Come May, the Competition Commission of India (CCI) will enter the 10th year of its existence. The Competition Act was passed in 2002 in a bid to regulate the market economy. In fact, experts have called the competition law the Magna Carta or constitutional document of the market economy. However, it took another seven years (May 2009) for the Commission to start functioning.
Many practitioners are of the view that the Commission has done exceedingly well but some procedural concerns continue to plague its operations.
A look back
“The CCI has definitely been able to establish itself as a credible and extremely important institution. It has passed some landmark judgments which are on a par with judgments being dealt with globally,” says Vaibhav Gaggar, managing partner at law firm Gaggar and Associates, who has represented the Commission in several cases. Dhanendra Kumar, former chairperson of the CCI, points out that the Commission’s orders have resulted in an amendment in market practices. Kumar cites the example of the real estate sector, where the CCI had asked for a sector-specific regulator in one of its orders. The Real Estate Regulatory Authority is an outcome of the same, he adds.
However, not everyone agrees with this opinion. "The Commission’s credibility is lost in the manner of treatment it has received from the appellate tribunal as well as Supreme Court," according to Rahul Singh, director at the Institute of Competition Law and Economics, and Associate Professor of Law, National Law School of India University, Bengaluru.
“The CCI is at a massive fork in the road. It has to seriously think through issues that have cropped up until now and see what direction it wants to take,” says Singh. Experts point out that a lot of decisions by the CCI get overturned by the appellate tribunal on procedural concerns. This, however, is not a criticism against the Commission but the legislation and the general enforcement structure, according to Avirup Bose, associate professor for competition law and policy at Jindal Global Law School and former expert consultant at the CCI.
Personnel problem
A significant concern raised by most experts relates to the composition of the Commission and the appointments made to the body. “You need to put together a bunch of people who are passionate about the competition law. If not all, at least half the members should be experts,” says Singh. Appointing bureaucrats as members of a technical economic regulator can be problematic. This trend, however, extends beyond the CCI and plagues all regulatory authorities in the country, according to Bose.

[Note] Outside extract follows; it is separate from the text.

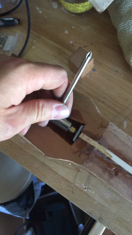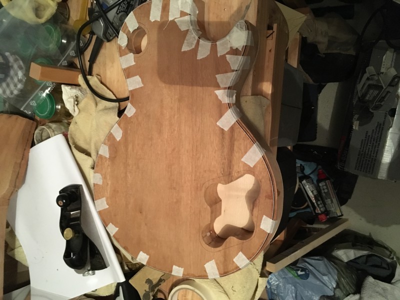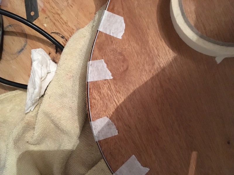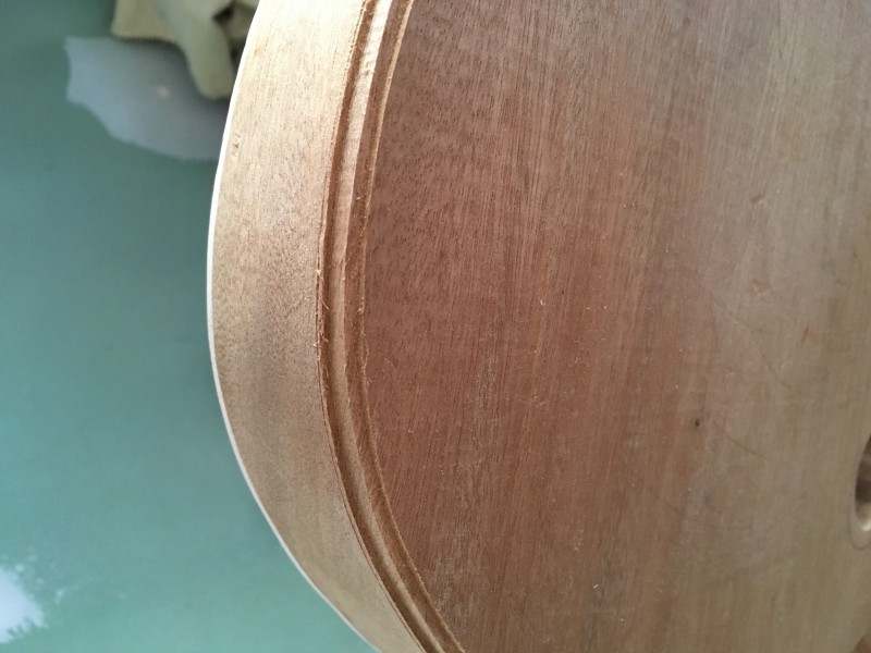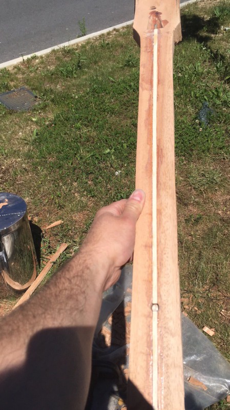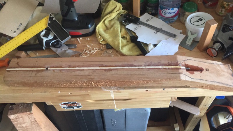 J’ai choisi d’utiliser du purfling pour faire les bandes internes de 0,020 inch d’épaisseur. C’est moins profond, plus flexible, et en deux passes c’est fait (2 white black pour le dos, w/b/w et b/w/b pour la table)

Experts point out that established regulators like the Securities and Exchange Board of India (Sebi) and the Telecom Regulatory Authority of India (TRAI) have an institutional memory. While the CCI is trying to build such institutional memory, this cannot happen overnight.
Role of the government
Many competition law practitioners say the government’s ambivalent attitude towards the functioning of the Commission has not helped matters. “The cumulative sense is that the government does not care about the competition law,” says Singh. Besides the issue of appointments, there has been a significant change in the competition regime over the last year or so. First, the Competition Appellate Tribunal (Compat) was merged with the National Company Law Appellate Tribunal (NCLAT). Recently, the government decided to ‘rightsize’ the Commission by limiting the number of members to four, including the chairperson, for faster hearings and disposal of matters. Kumar, however, is willing to give the benefit of doubt to the government. “It would have to be seen whether this new arrangement results in quick decision making,” he adds. Bose points out that the government has neither cut the Commission's funding nor any of its powers. The impact of merging the Compat with the NCLAT still remains to be seen. Singh doesn’t see a great change in the manner of hearings as even the Compat was not an expert body.
Road ahead
Even as opinions remain divided on the nature of work the CCI has done in the last nine years, experts agree that the fair market regulator needs to up its play going forward. “The CCI needs to continue doing what it’s done but more aggressively and at a much quicker rate. They need to significantly bolster the investigative arm in terms of numbers and training,” says Gaggar. Experts want the regulator to start a lot more suo motu actions in industries where anti-competitive activities occur or are known to occur.